Collaborative filtering / matrix factorisation: older but still strong for cold-start-free domains. Ch.2 covers the primer.
Rule-based / heuristic: popular-in-your-country, recency, "friends' recent posts". Cheap safety net; LinkedIn's feed (Ch.4) ensembles 10+ such generators.

Key design choices:

Negative sampling: random negatives are too easy; hard negatives (same session, almost clicked) dominate modern two-tower. In-batch negatives are free.
Embedding dim: 64-256 is typical. Larger embeddings buy accuracy and latency/storage pain.
ANN index: HNSW beats flat at 10^6+ items; quantised ScaNN beats HNSW at 10^8+ with 4x memory cut.

Ranking models

Ranking scores each of the ~1,000 candidates with a heavy model that can consume hundreds of features.

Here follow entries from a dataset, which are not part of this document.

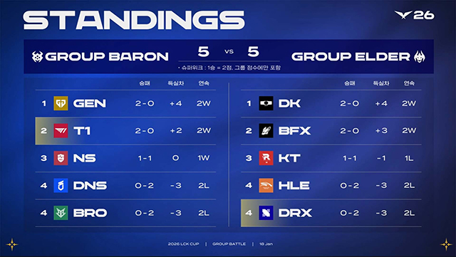그룹 대항전으로 진행되는 LCK컵 1주 차는 바론 그룹과 장로 그룹 모두 상위권이 빠르게 형성되며 초반 판도가 드러났다. 그룹 간 성적은 5승 5패로 균형을 이뤘다.
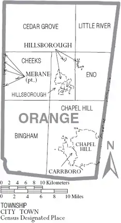 El condado se divide en siete municipios: Municipio de Bingham, Municipio de Cedar Grove, Municipio de Chapel Hill, Municipio de Cheeks, Municipio de Eno, Municipio de Hillsborough y Municipio de Little River.
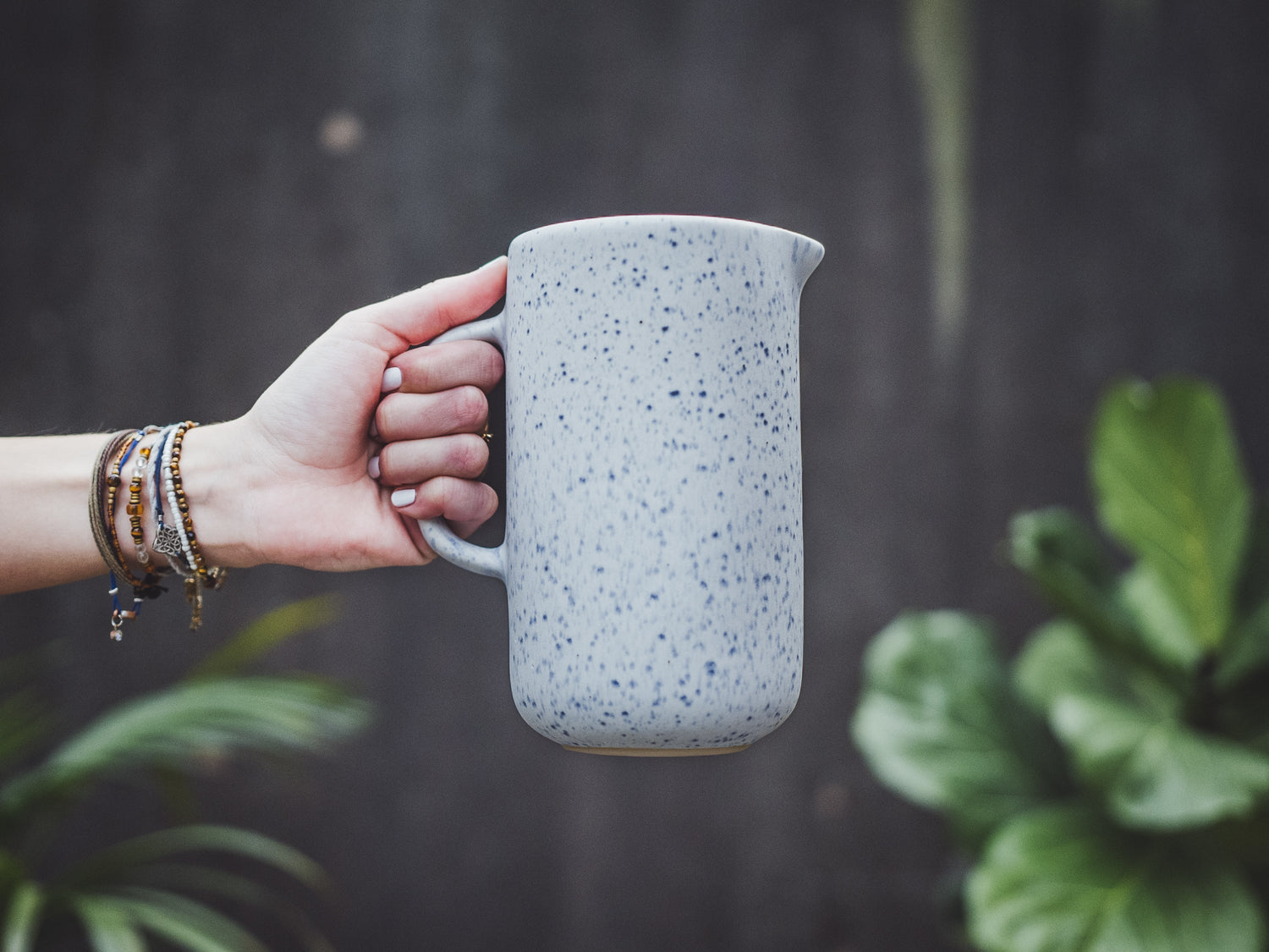 Der Azul Manchado Keramik Krug im matten Weiss und mit feinen blauen Sprenkeln ist ideal für Wasser, Limonade oder Eistee. Mit 1 Liter Fassungsvermögen ist er perfekt für den Alltag und den gedeckten Tisch. Hochwertig verarbeitet und vielseitig einsetzbar – auch als stilvolle Vase für frische oder getrocknete Blumen. Der grosszügige Krug ist ein Highlight auf deinem Tisch und verleiht eine Atmosphäre von mediterranem Flair, Gelassenheit und Eleganz.

Wide & Deep (Cheng 2016, Google Play): wide linear arm memorises sparse crosses, deep MLP generalises. Still the simplest respectable baseline. Ch.5 shows the ad-CTR version.
DLRM (Meta, 2019): embedding tables for categoricals -> feature-interaction layer (dot products) -> MLP. Workhorse of Meta ranking; the open-source code is a great reference. Memory is dominated by embedding tables (often >100 GB).
DeepFM / DCN-V2: explicit cross-feature networks; replace the wide arm.
Transformer rankers (SASRec, BST): sequence-aware, handle long user history natively; Alibaba and Pinterest have public results.
Multi-task heads: one tower predicts click, watch-time, share, report; combine with a learned or hand-tuned scalarisation. Ch.3's YouTube design uses this explicitly.

Loss functions in one line

Pointwise (log-loss) for CTR; pairwise (BPR / LambdaRank) when you have implicit comparisons; listwise (softmax-CE / LambdaMART) when NDCG is the target. Airbnb's Aerosolve (Ch.7) uses pairwise hinge loss.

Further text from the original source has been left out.